[[ Data provided open ]]

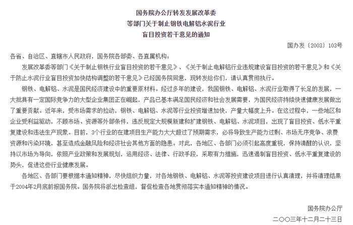 2003年12月23日,国务院印发《国务院办公厅转发发展改革委等部门关于制止钢铁电解铝小泥行业盲目投资若干意见的通知》,要求各地运用多种手段,迅速遏制盲目投资、低水平重复建设的势头。
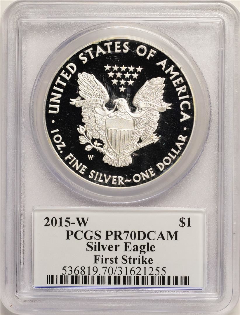 One 2015-W $1 Proof American Silver Eagle Coin PCGS PR70DCAM W/Miles Standish Signature. PCGS Graded.
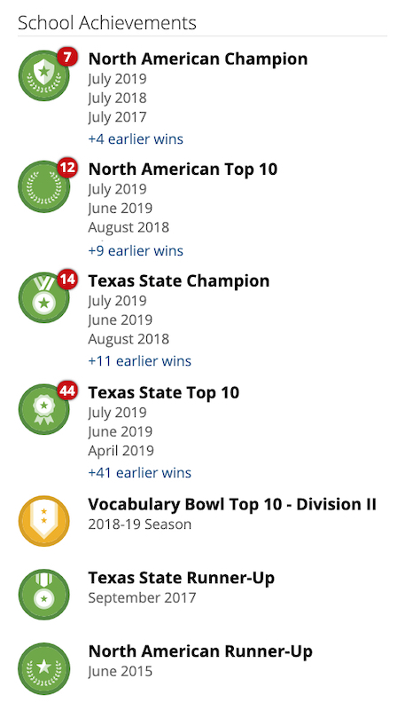Every summer, die-hard Vocabulary Bowl fans watch the July leaderboards to see if a little school from Texas can do it again.
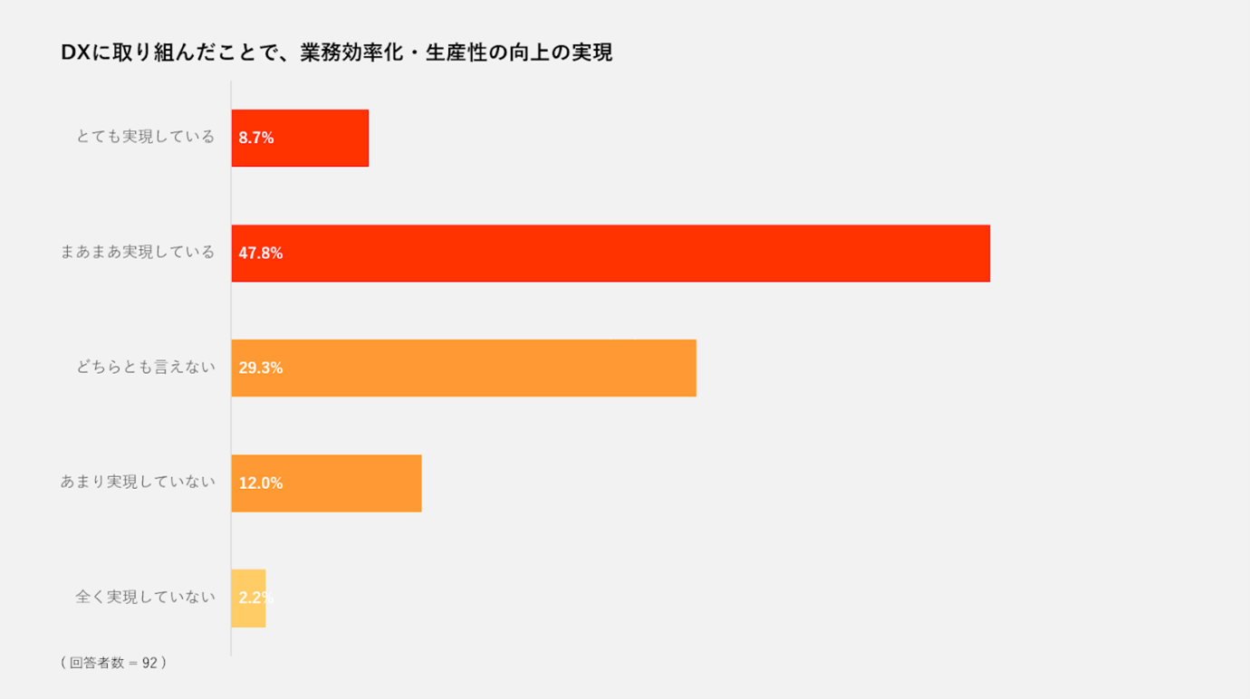 「DX推進によって業務効率化・生産性向上が実現したか」という質問に対して、とても実現している・まあまあ実現している、をあわせると「実現している」という意見は56.5%に上りました。

[[ Data provided closed ]]

About this exercise: Exclude the pictures, and transcribe all of the material exactly.

Solution to the problem:
 2003年12月23日,国务院印发《国务院办公厅转发发展改革委等部门关于制止钢铁电解铝小泥行业盲目投资若干意见的通知》,要求各地运用多种手段,迅速遏制盲目投资、低水平重复建设的势头。
 One 2015-W $1 Proof American Silver Eagle Coin PCGS PR70DCAM W/Miles Standish Signature. PCGS Graded.
Every summer, die-hard Vocabulary Bowl fans watch the July leaderboards to see if a little school from Texas can do it again.
 「DX推進によって業務効率化・生産性向上が実現したか」という質問に対して、とても実現している・まあまあ実現している、をあわせると「実現している」という意見は56.5%に上りました。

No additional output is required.